A book of microfictions featuring an even more experimental foray into the narrative structures of chance.
This collection, slender on the shelf at 140 pages, contains the hidden heft of no fewer than 47 individual flash fictions. Rarely more than two pages long, the stories are pithy, whimsical, ironic, and poignant by turn. Often, they use the extreme efficiency of their language to poke fun at some absurd exigency of modern society, as in “Ella’s Letter to the Editor of the Universe,” which whipsaws between peevish acerbity (“Someone has put Beauty in the same aisle as Health Essentials”) and existential complaint (“Someone has used the human penchant for choice to justify hatred”) in almost the same breath.

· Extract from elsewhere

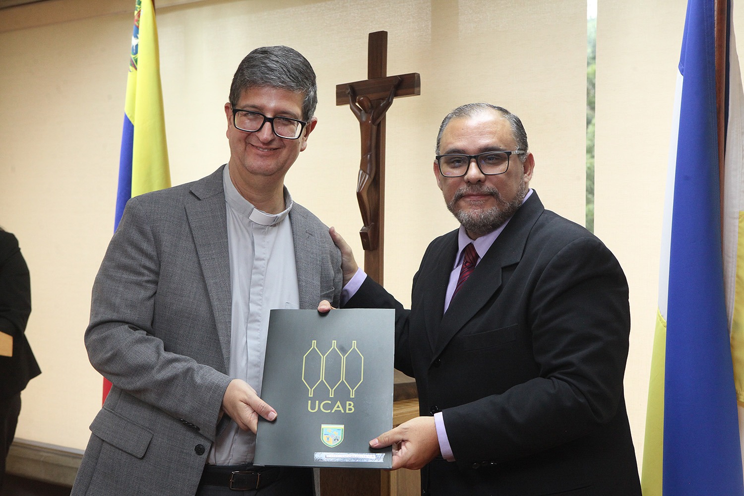 El acto de firma tuvo lugar en el salón del Consejo Universitario y fue presidido por el rector Arturo Peraza, S.J.; el vicerrector administrativo, Gustavo García; el vicerrector académico, José Francisco Juárez; el decano de la Facultad de Derecho, Jesús María Casal; y María Lidia Álvarez, directora de la Escuela de Derecho.

Other stories use their brevity to eschew narrative linkage, as in “How Phil Imagines the Afterlife,” which uses an enigmatic list of non-sequiturs (“17. Did you make the reservation? 18. I guess it’s okay that the lifeguard’s a teenager”) to portray the afterlife as a series of overheard remarks at a crowded resort pool. The whimsy in these stories creates a pleasant, chatty overlay of language that sometimes parts to reveal a startling moment of insight as the largely earnest characters struggle through the narration’s insouciant wit. This conflict—character vs. language—is a fascinating one to follow through its various paces, but Parker’s other project here is less successful. Interspersed between the stories are 26 bingo cards with titles like “Change Your Life Bingo,” “Feti’s Border Crossing Bingo,” and “Don’t Hate Your Daddy Bingo.” These pieces push the experiment of narrative brevity to an extreme, inviting the reader to interact with a single word or brief phrase contained within the standard 25-square grid of a bingo card whose context is provided only by the card’s title. This freewheeling play with story structure—the reader can arrange the story along horizontal, vertical, or diagonal lines as they see fit—is intellectually stimulating the first time it appears, but the pleasure of the form doesn’t hold up to repeat engagement.
A collection that asks the question, “Can a story ever be too brief?” The answer is yes.